Depending on the configuration and type of computing device, memory 206 may be volatile, non-volatile, or some combination of the two. The memory 208 can be arranged in a memory hierarchy such as a cache. Computing device 200 can also include additional storage including, but not limited to, magnetic or optical disks or solid state memory, or flash storage devices such as removable storage 210 and non-removable storage 212 for storage of information such as computer readable instructions, data structures, program modules or other data. The computing device 200 can be configured to run an operating system software program that can be stored on the storage media as well as one or more software applications, which make up a system platform. Memory 208, removable storage 210 and non-removable storage 212 are all examples of computer storage media that can be used to store the desired information and that can be accessed by computing device 200. Computer storage media can be part of computing device 200. Computing device 200 can also include one or more communication connections 214 that allow the computing device 200 to communicate with other computers/applications, such as the nodes 104 on the network 06 or other aspects of the control system 102 such as databases, agents, and so on. These other computers/applications can be used to store desired information that can be accessed by computing device 200. [0012] Figure 3 illustrates an embodiment of a method 300 that can be configured to run on the computing device 200, such as a software application, to form at a least a portion of the control system 102. In a general embodiment, the method can interface with the processor 206 and memory 208 of the computing device to 200 to provide the control system 102. The method 300 includes a protection and routing mechanism that is configured as a planning stage 302, a routing stage 304, and an optimizing stage 306. Each stage 302, 304, 306 can be configured as an expert system or task engine working with the other stages, a single integrated system, or some other combination.

[0013] As described, one aspect of the method includes a data protection task, such as the planning stage 302 and the optimizing stage 306. Subtasks in the broad data protection task, such as protection and archival features, have relied on administrator-controlled scheduling to perform copying of data. In order to perform the tasks, administrators often take into account many business or system issues, such as network traffic, needs of the application or data being protected, resource availability, and other protection issues in order to arrive at a suitable schedule. In many previous systems, the administrator has been unable to determine the effectiveness of the scheduling or the protection tasks such as to test for availability of resources or alternative storage mechanisms, or the like, at the time of making copies and protecting data. In many available protection schemes, the administrators specifies both the intended resources and the alternatives, and often without information as to effectiveness of such a scheme.

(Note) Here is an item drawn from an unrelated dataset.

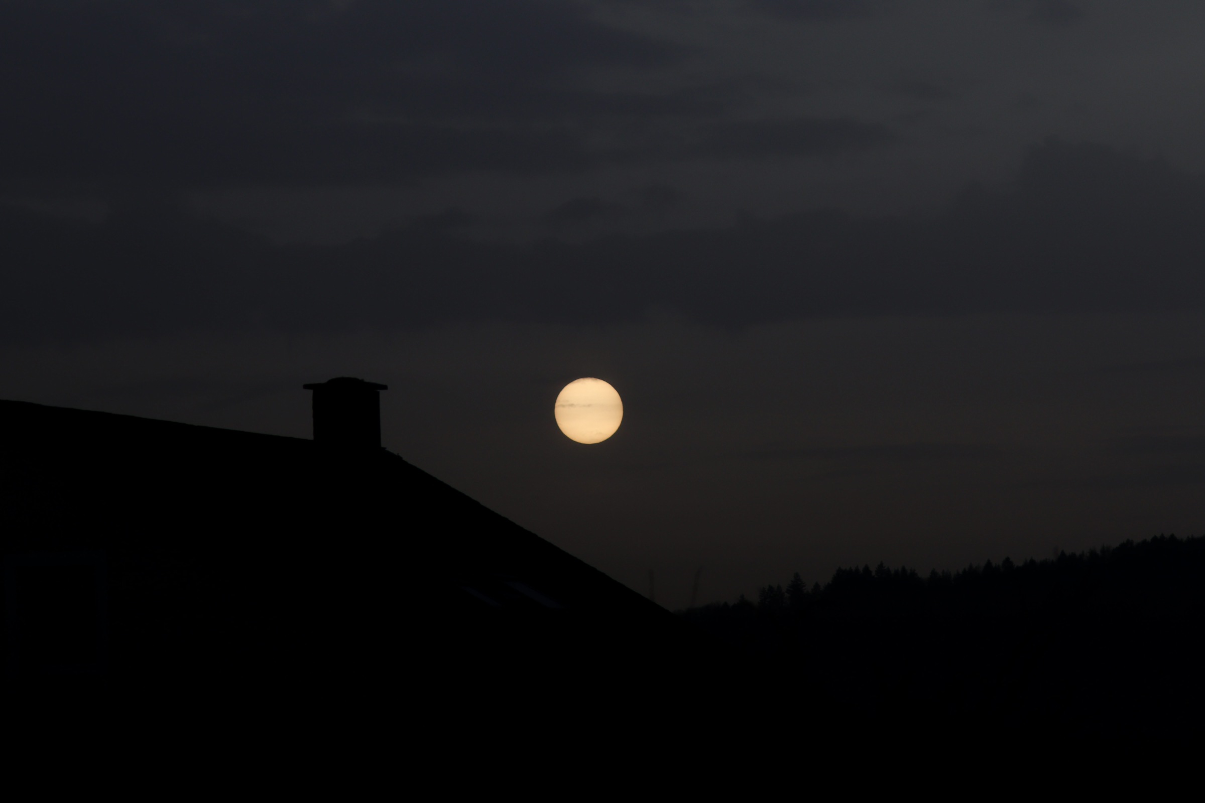 Saharastaub sorgte am 22. Februar 2021 über Rheinland-Pfalz und dem Saarland für trübes Wetter und Wolkenbildung. Wie durch einen Nebelschleier zeigte sich die Sonne vor Sonnenuntergang am westlichen Horizont. Die hier gezeigte Aufnahme entstand um 17:30 Uhr ohne jegliche Filter. Der Weißabgleich der Kamera wurde auf natürliches Tageslicht eingestellt. Eine solch abgefilterte Sonne, hervorgerufen von Saharastaub, habe ich selten erlebt.

[0014] The method 300 is configured to receive protection objectives, such as from an administrator or the like, as an IM Service Level Objective. In one example, the IM Service Level Objectives can be a Protection Service Level Objective (Protection SLO) for each application or data to be protected. The Protection SLOs are received at the planning stage 302 that determines a time schedule for protecting information, e.g., copying or archiving data, as well as a node pool schedule that describes a plurality of suitable nodes for use during the time schedule. The plurality of suitable nodes is useful in case a selected node in the node pool is unavailable because of device failure or other reasons.

[0015] The method 300 proceeds to the routing stage 304 to execute the schedules developed with the planning stage 302. Many information

management applications route large amounts of data from various sources to various destinations. Previous data movement engines have become very specialized. For example, one engine could be used to perform a restore and will attempt to discover a restore chain while a second engine is used to perform a data back up. As information management tasks are added, such as archival document management, appropriate data movement engines are used or added thus increasing system overhead including development and management issues. The routing stage 304 generates a set of coordinating components that will exchange data. The initiation, application, and monitoring of the

components is dynamic and performed with coordinating agents. The previous multitude of data engines can be replaced with a configurable routing stage to efficiently handle information management with significantly reduced overhead.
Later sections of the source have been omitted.